== EXERCISE REQUIREMENTS ==
Begin at the line below that has "30년 전에 일어난 LA 4.29폭동" and stop after the line that has "In het centrum". Please restate only those lines, word for word.
----
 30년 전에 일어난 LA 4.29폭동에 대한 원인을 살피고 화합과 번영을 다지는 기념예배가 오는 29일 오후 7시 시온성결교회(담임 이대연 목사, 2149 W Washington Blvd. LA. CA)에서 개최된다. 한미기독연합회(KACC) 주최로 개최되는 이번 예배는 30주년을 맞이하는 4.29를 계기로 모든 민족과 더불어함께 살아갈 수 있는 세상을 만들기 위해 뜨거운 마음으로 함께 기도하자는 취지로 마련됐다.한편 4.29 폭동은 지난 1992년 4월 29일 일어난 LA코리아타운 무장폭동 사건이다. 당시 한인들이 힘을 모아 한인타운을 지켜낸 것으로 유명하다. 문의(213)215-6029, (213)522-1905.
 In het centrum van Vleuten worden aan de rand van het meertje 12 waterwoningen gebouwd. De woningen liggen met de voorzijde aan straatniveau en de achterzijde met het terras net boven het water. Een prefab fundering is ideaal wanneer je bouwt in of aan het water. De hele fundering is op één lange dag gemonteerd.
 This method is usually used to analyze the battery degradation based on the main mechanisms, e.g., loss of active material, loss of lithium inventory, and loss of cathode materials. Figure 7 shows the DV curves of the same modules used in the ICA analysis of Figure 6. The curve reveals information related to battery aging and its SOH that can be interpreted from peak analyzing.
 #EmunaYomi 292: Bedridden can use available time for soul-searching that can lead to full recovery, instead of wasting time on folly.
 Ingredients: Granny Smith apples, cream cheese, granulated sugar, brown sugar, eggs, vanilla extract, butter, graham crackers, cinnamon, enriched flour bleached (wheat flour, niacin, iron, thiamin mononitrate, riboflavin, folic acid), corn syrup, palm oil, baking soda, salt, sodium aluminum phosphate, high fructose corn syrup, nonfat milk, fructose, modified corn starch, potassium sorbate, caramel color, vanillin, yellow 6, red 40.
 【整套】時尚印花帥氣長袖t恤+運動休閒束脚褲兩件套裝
----
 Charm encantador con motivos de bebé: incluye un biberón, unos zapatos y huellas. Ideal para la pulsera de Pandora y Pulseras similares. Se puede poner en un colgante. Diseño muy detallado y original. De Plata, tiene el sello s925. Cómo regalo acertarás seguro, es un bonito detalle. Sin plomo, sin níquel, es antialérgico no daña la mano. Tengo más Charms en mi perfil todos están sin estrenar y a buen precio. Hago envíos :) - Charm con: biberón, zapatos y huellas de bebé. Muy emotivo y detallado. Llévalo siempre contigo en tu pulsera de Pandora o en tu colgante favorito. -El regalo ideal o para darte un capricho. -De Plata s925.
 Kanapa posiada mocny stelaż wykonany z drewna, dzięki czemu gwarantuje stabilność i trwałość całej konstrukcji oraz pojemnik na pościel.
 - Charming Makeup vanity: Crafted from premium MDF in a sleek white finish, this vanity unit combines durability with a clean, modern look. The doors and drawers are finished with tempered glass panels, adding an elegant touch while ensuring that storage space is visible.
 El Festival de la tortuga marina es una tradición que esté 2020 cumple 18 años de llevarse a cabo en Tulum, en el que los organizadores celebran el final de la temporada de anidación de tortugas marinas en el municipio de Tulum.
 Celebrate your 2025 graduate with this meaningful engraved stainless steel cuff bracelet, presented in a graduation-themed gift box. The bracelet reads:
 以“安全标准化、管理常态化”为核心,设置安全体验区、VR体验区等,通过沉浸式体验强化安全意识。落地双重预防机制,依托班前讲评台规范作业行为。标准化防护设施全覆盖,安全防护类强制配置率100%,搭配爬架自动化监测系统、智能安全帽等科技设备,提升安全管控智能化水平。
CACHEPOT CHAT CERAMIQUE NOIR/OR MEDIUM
----
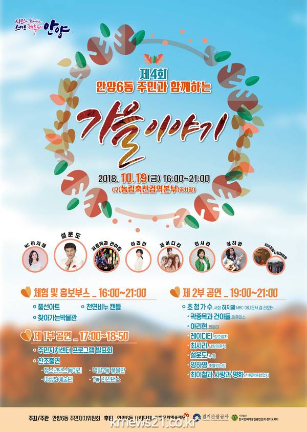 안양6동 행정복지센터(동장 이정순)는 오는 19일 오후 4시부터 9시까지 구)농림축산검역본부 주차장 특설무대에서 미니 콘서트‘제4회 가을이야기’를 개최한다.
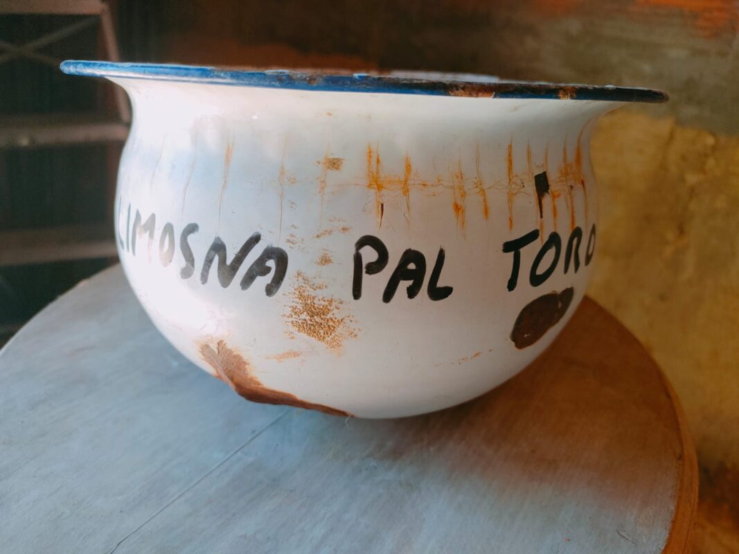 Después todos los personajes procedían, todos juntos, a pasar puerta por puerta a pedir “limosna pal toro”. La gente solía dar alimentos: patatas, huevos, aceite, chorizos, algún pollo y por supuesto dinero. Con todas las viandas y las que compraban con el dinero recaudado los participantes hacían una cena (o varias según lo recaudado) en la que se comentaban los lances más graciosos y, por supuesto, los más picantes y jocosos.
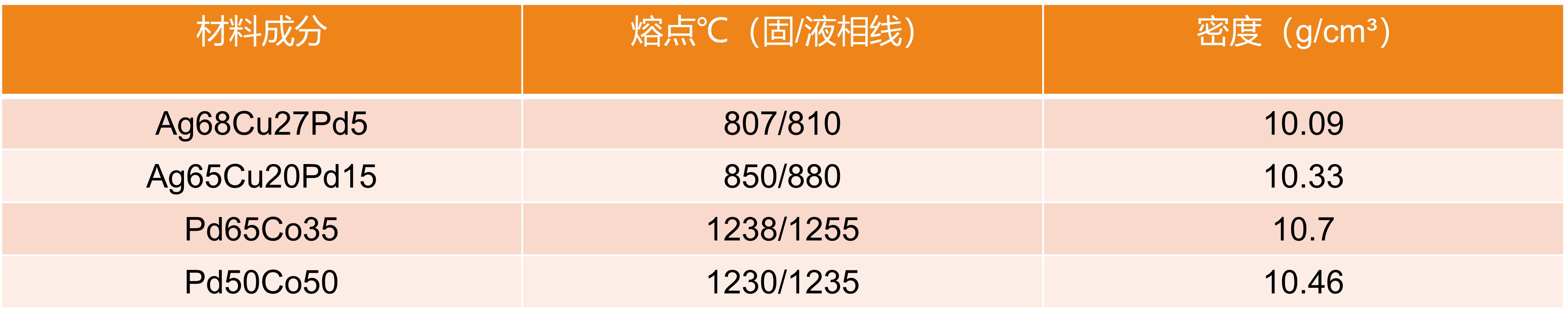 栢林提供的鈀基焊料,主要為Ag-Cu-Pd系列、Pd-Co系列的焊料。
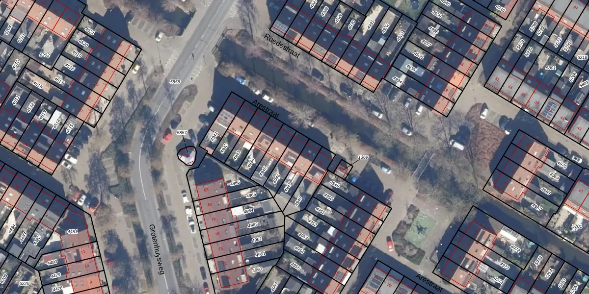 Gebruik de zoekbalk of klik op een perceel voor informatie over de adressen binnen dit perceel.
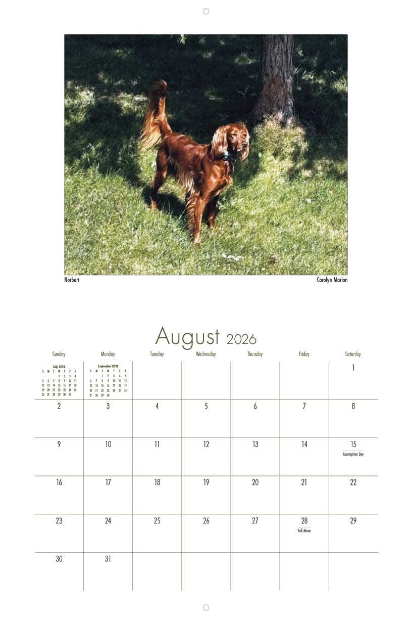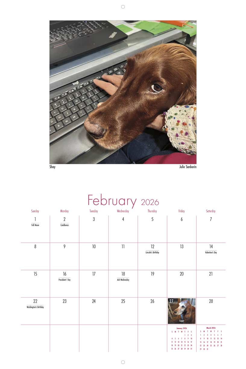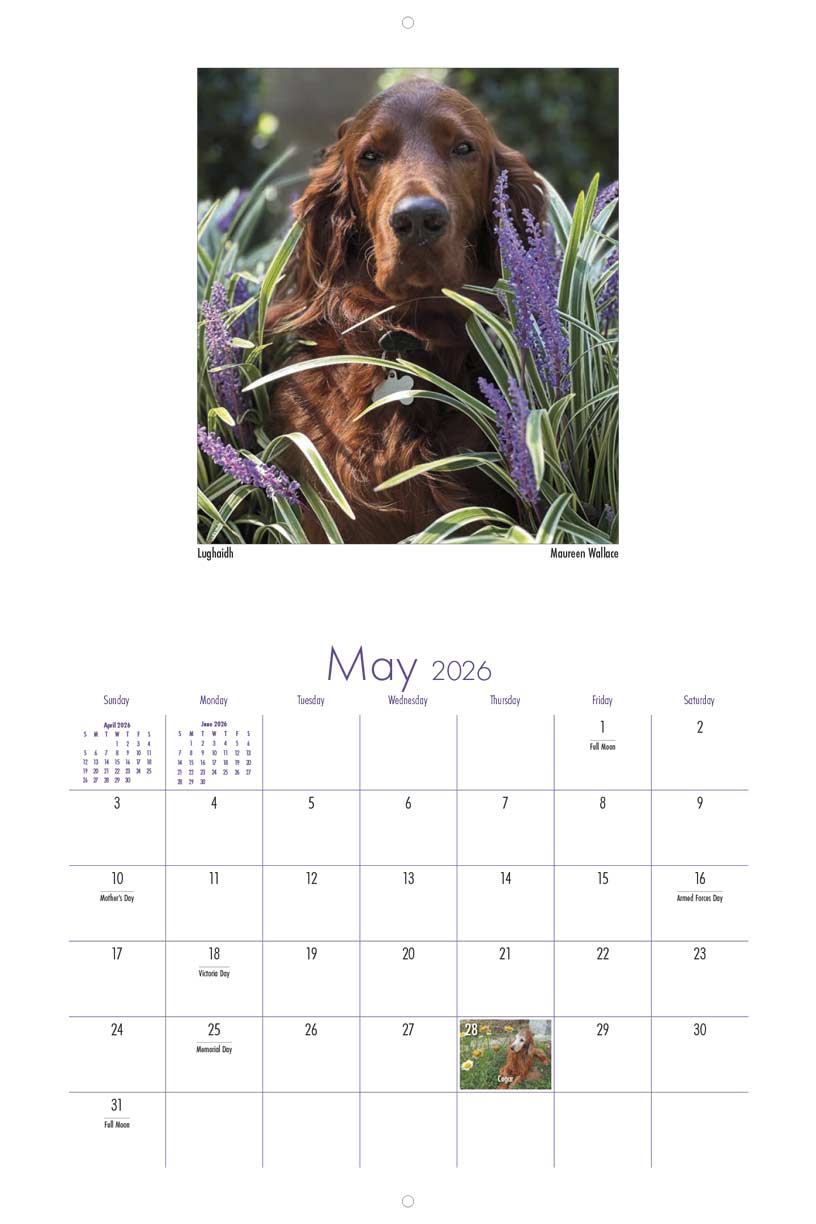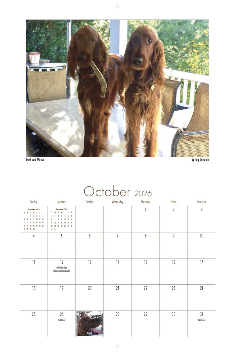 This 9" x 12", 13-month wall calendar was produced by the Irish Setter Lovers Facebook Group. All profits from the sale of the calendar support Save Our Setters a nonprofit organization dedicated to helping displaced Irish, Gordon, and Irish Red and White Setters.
----
== FINISHED TASK ==
 30년 전에 일어난 LA 4.29폭동에 대한 원인을 살피고 화합과 번영을 다지는 기념예배가 오는 29일 오후 7시 시온성결교회(담임 이대연 목사, 2149 W Washington Blvd. LA. CA)에서 개최된다. 한미기독연합회(KACC) 주최로 개최되는 이번 예배는 30주년을 맞이하는 4.29를 계기로 모든 민족과 더불어함께 살아갈 수 있는 세상을 만들기 위해 뜨거운 마음으로 함께 기도하자는 취지로 마련됐다.한편 4.29 폭동은 지난 1992년 4월 29일 일어난 LA코리아타운 무장폭동 사건이다. 당시 한인들이 힘을 모아 한인타운을 지켜낸 것으로 유명하다. 문의(213)215-6029, (213)522-1905.
 In het centrum van Vleuten worden aan de rand van het meertje 12 waterwoningen gebouwd. De woningen liggen met de voorzijde aan straatniveau en de achterzijde met het terras net boven het water. Een prefab fundering is ideaal wanneer je bouwt in of aan het water. De hele fundering is op één lange dag gemonteerd.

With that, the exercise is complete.